Нравственное доказательство

Мы молимся ежедневно Отцу Небесному: «...да святится имя Твое, да приидет Царствие Твое»126 — царство святости и правды. Но, в то же время — мы видим ежедневно, что имя Божие далеко не всеми людьми и не всегда святится, что весь мир лежит во зле (1 Ин. 5, 19), представляет собою царство греха и неправды. Какое резкое несоответствие, какая роковая противоположность! И ужели такому порядку вещей суждено продолжаться вечно? Нет! Мы ожидаем нового неба и новой земли, на которых будет обитать правда (ср.: 2 Пет. 3, 13); мы чаем жизни будущего века, в которой алчущие и жаждущие правды насытятся (ср.: Мф. 5, 6).

Человеку присущ нравственный закон — закон святости и правды как высший двигатель и направитель жизни. Он вложен в природу человеческую Верховным Законодателем — Богом. Язычники делают законное по природе, потому что закон написан у них в сердце и находится под охраною и наблюдением совести (ср.: Рим. 2, 14, 15). В трагедии греческого поэта Софокла «Антигона» выражена та нравственная аксиома, что основной закон, который управляет нашею жизнью, за который мы жертвуем самою жизнью, — не закон человеческий, не правило, нами созданное, но принадлежит к неписанным и вечным законам Божества: «начало его не вчера и не сегодня, но от вечности, и никто не знает тайны его рождения». Итак, нравственный закон — с одной стороны, всеобщ, а с другой — освящается высшим, непререкаемым авторитетом.

Если в нравственном законе мы должны видеть безусловно обязательное предписание, если исполнение его составляет безусловную обязанность человека, то непременно требуется, чтобы человек находил в нем и личное свое удовлетворение. Иначе это предписание противоречило бы его природе, а потому и не могло бы быть для него верховным законом.

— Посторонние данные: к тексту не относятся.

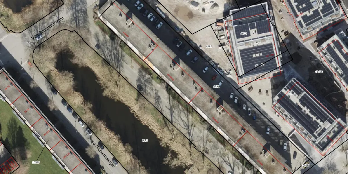 Het perceel waarop Hora Siccamasingel 28 staat heeft een oppervlakte van 3580 m². Dit is een zeer groot perceel. De perceeloppervlakte wordt geregistreerd door het Kadaster. Gedetailleerde informatie over de maten van dit perceel kunt u vinden in het rapport Kadastrale kaart met maatvoering van Hora Siccamasingel 28.
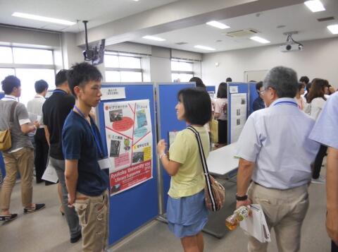ポスターセッションでは、深草、瀬田のライブラリーサポーターが、これまで行ってきたビブリオバトルや展覧企画、留学生との交流などの活動報告を行い、フロアからも多くの質疑を受けました。
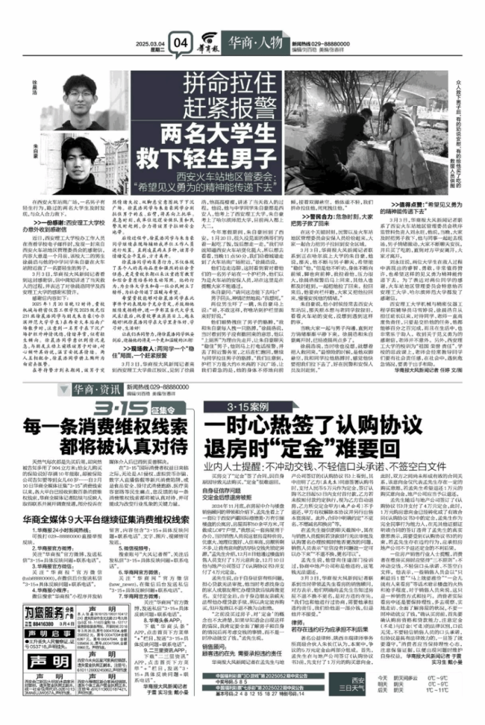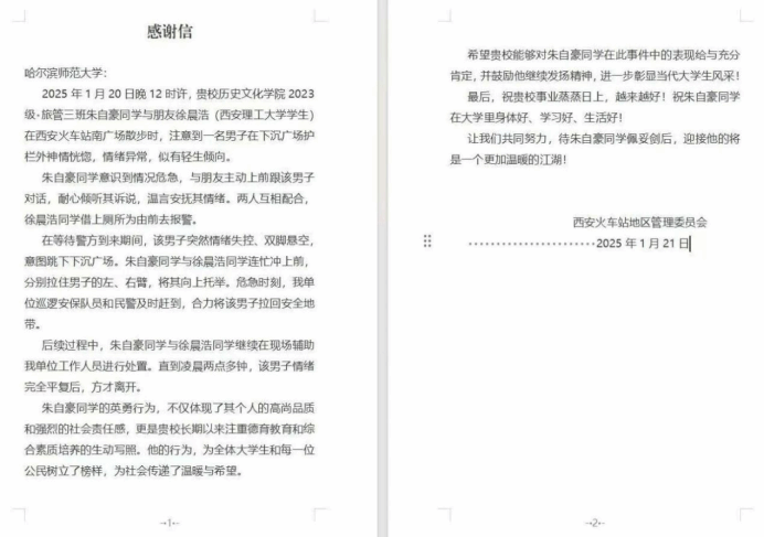 朱自豪同学和他的高中同学徐晨浩在火车站附近救了一名轻生男子。朱自豪同学的见义勇为事迹广泛受到陕西电视台、华商报等主流媒体的报道。
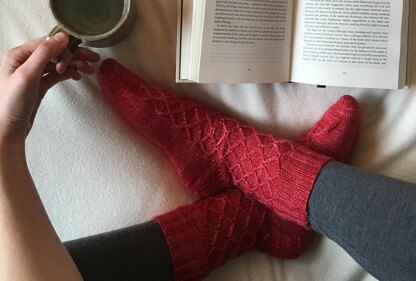 An whimsical diamond cable pattern on the Pierrot socks is evocative of the Harlequin and Pierrot stock characters of commedia theater. Written in three sizes, these socks look great on any foot and will bring a little fun and whimsy to your toes :)
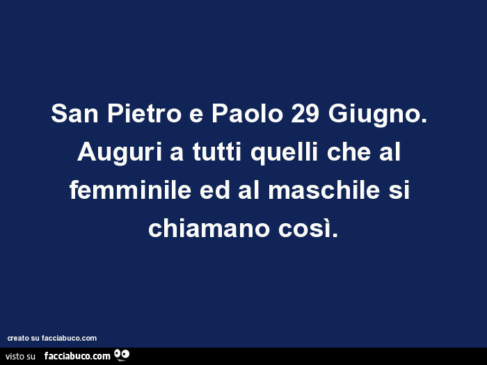 San Pietro E Paolo 29 Giugno Auguri A Tutti Quelli Che Al Femminile Ed Al Maschile Facciabuco Com
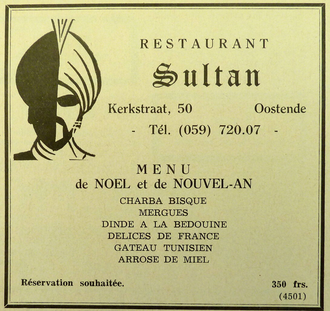 Advertentie : Restaurant Sultan. Kerkstraat 50, Oostende
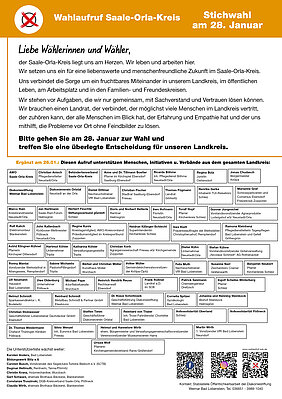 Die Wählerinnen und Wähler im Saale-Orla-Kreis sind aufgerufen, am Sonntag, 28. Januar 2024, in einer Stichwahl einen neuen Landrat zu wählen. Die Initiative Wahlaufruf-SOK, wird von vielen Personen des öffentlichen Lebens, Initiativen und Verbände im Saale-Orla-Kreis unterstützt.
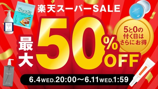 最大50%OFFの超お得な楽天スーパーSALEが6/4(火) 20:00~6/11(火) 1:59まで開催!
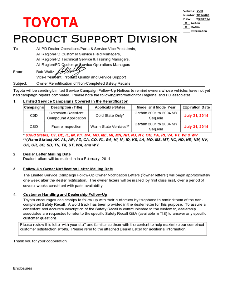 Volume: XVIII Number: TC14008 2/28/2014 Date: X Action X Retain InformationTOYOTA Product Support Division To:All PD Dealer Operations/Parts & Service Vice Presidents, All Region/PD Customer Service
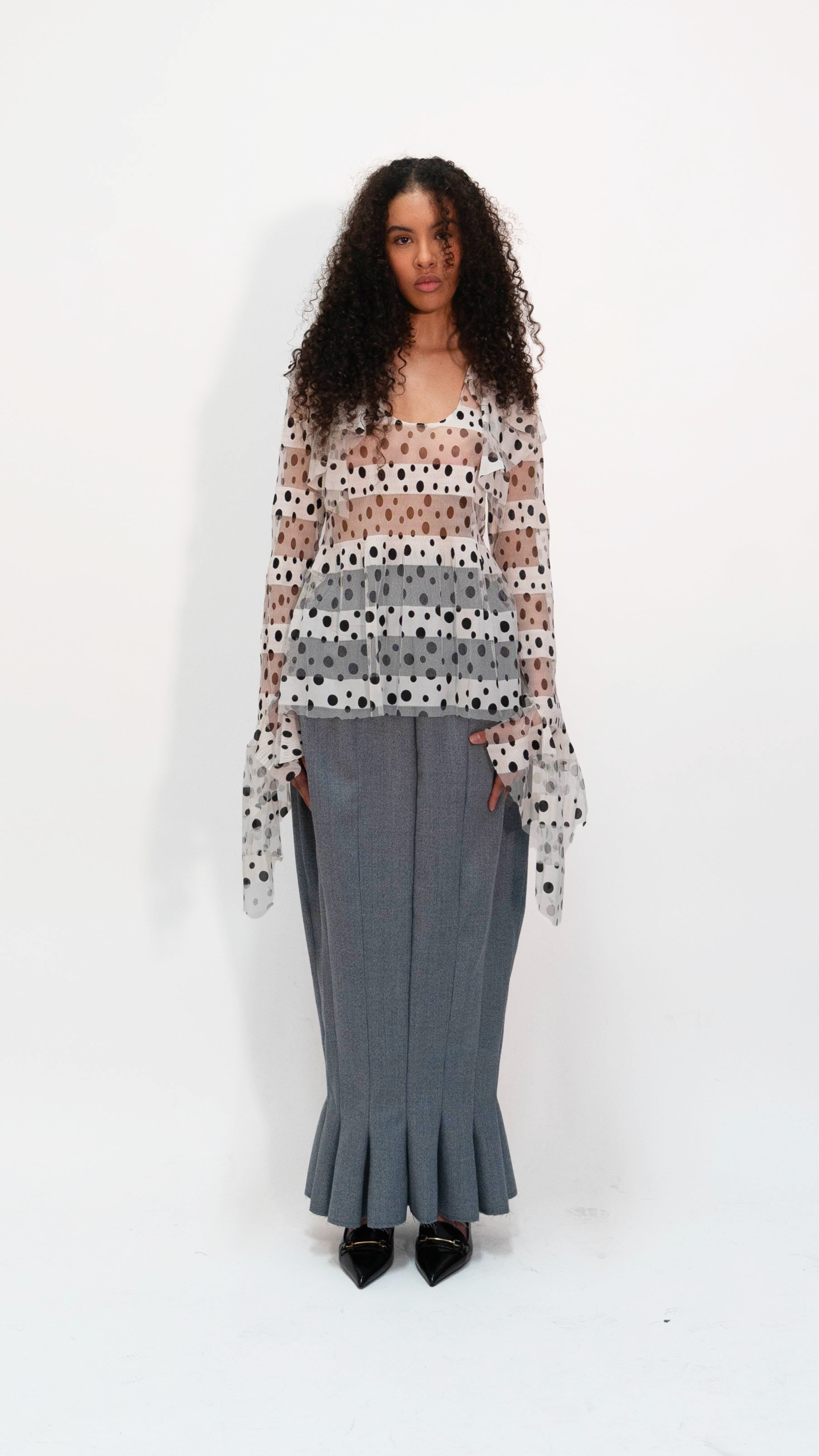 Blouse en tulle léger avec motif pois et rayures. Manches longues fluides et coupe ample. Double col à volants.
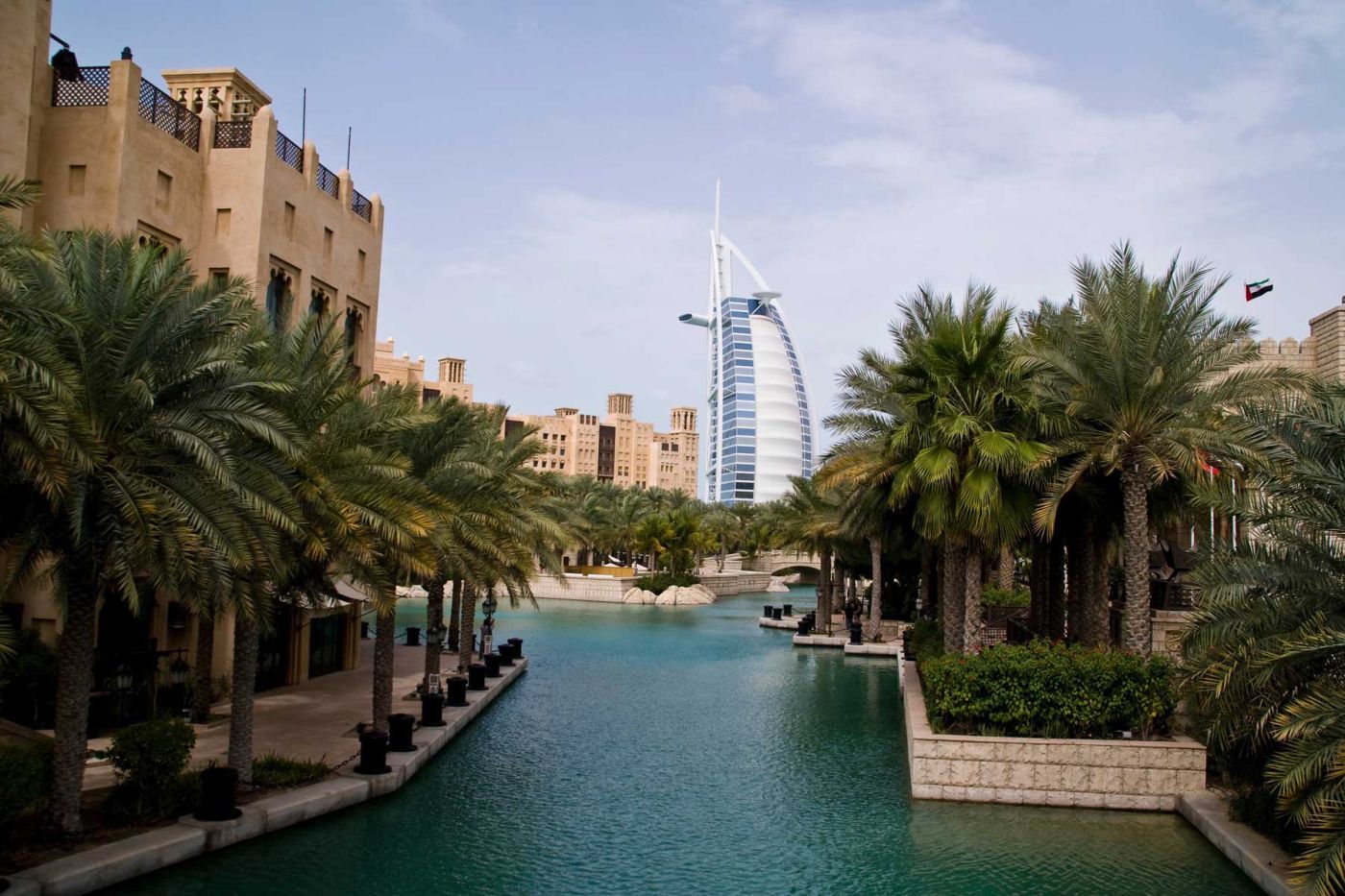 Mit dem Auto geht’s über die Jumeirah Road dem Strand entlang bis zum Burj al Arab, den man ohne Reservierung allerdings nicht betreten darf. Gleich in der Nähe liegt das Madinat Jumeirah mit zwei Luxushotels, Al Qasr und Dar Al Masyaf. Auf der Terrasse des Al Fayrooz nehmen wir einen Drink, mit Blick auf den beleuchteten Burj al Arab.
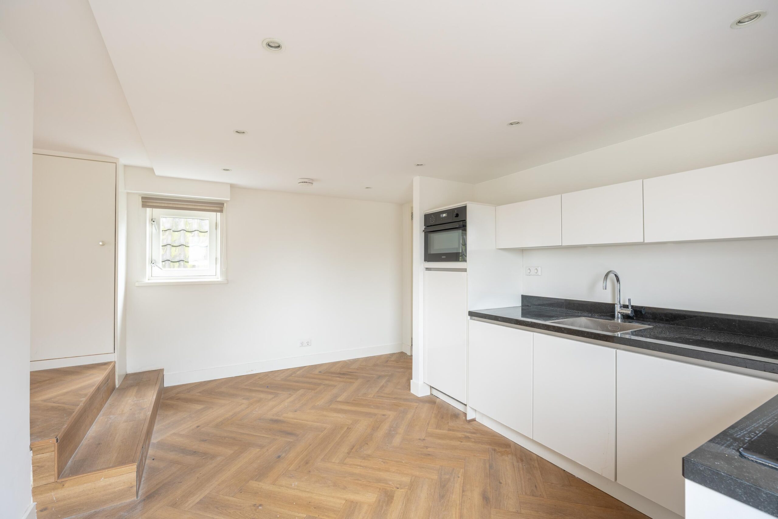 De (woon)kamer aan de voorzijde heeft een plafondhoogte van circa 1.75 m onder de balk en circa 1.85 m tussen de balken. De keuken, slaapkamer en badkamer hebben een plafondhoogte van circa 2.10 m.
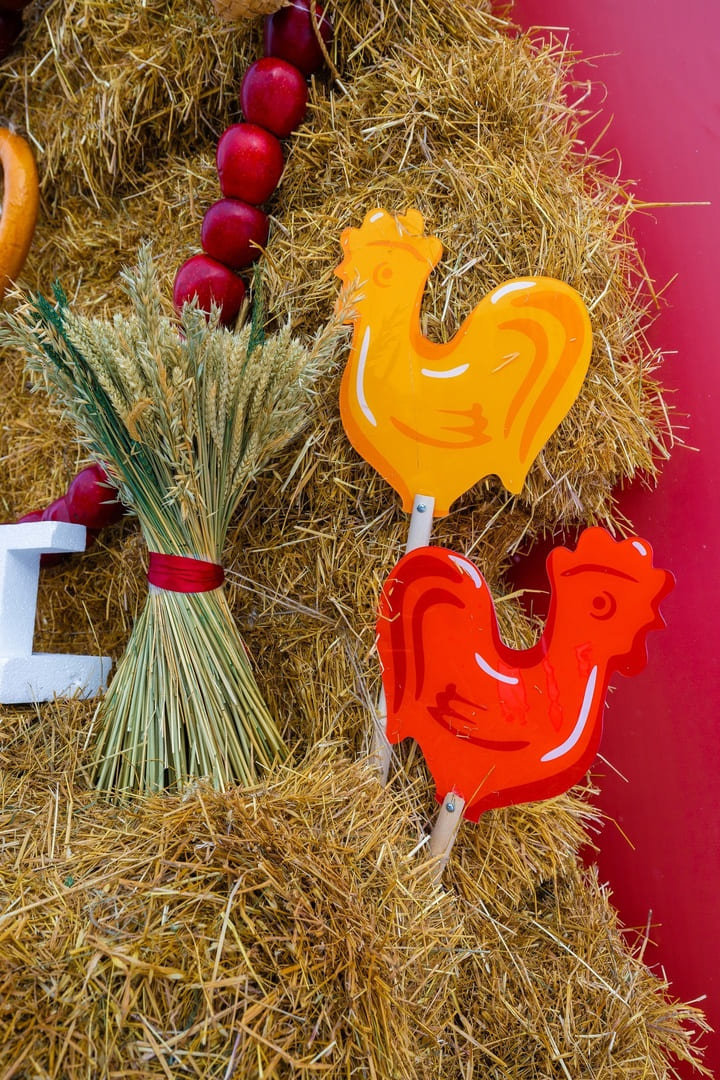 - Фотозона со стогом сена — будто кадр из русской сказки.
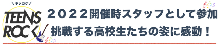 2022年東大阪市で行われたTEENS ROCK in HIGASHIOSAKA(近畿地区大会)にスタッフとして参加し、高校生が決勝へ向けて本気で挑戦する姿を見て、感動しました。
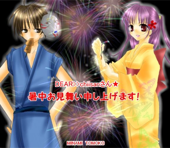 作:南友胡さん 友胡さんから暑中お見舞いいただきました。 名前まで入れていただけて!うーれーしーいー! 焼きイカとか、ちょっと怪しいお面とか、線香花火とか、こんなお祭りグッズ、私も欲しくなりました。 バックの花火で雰囲気もりあがりですね〜。 幼馴染同士っぽいこの二人の関係がちょっと気になるところ(笑) 楽しい暑中お見舞いどうもありがとうございました! 戻る

В отношении к разумному существу это требование тем необходимее, что, в силу самого нравственного закона, разумное существо должно всегда рассматриваться — как цель, а не только — как средство. Оно исполняет нравственный закон свободно, а не по принуждению, и это одно дает его действиям нравственный характер. Свободное же исполнение возможно только под тем условием, чтобы исполняющий мог найти в нем и личное удовлетворение. Наконец, если это предписание безусловно, то все остальное должно непременно с ним сообразоваться. Нравственная жизнь не всегда дает счастье, но мы не можем не признать, что она одна делает человека достойным счастья. В этом состоит требование справедливости, составляющей существенную часть самого нравственного закона. Из безусловного значения этого закона вытекает, как необходимое последствие, что добродетель должна быть награждена, а порок должен быть наказан. Если же мы не всегда видим это в настоящей жизни, то непременно должно предположить, что это исполнится в будущей. Иначе нравственный закон теряет для нас свой безусловный характер.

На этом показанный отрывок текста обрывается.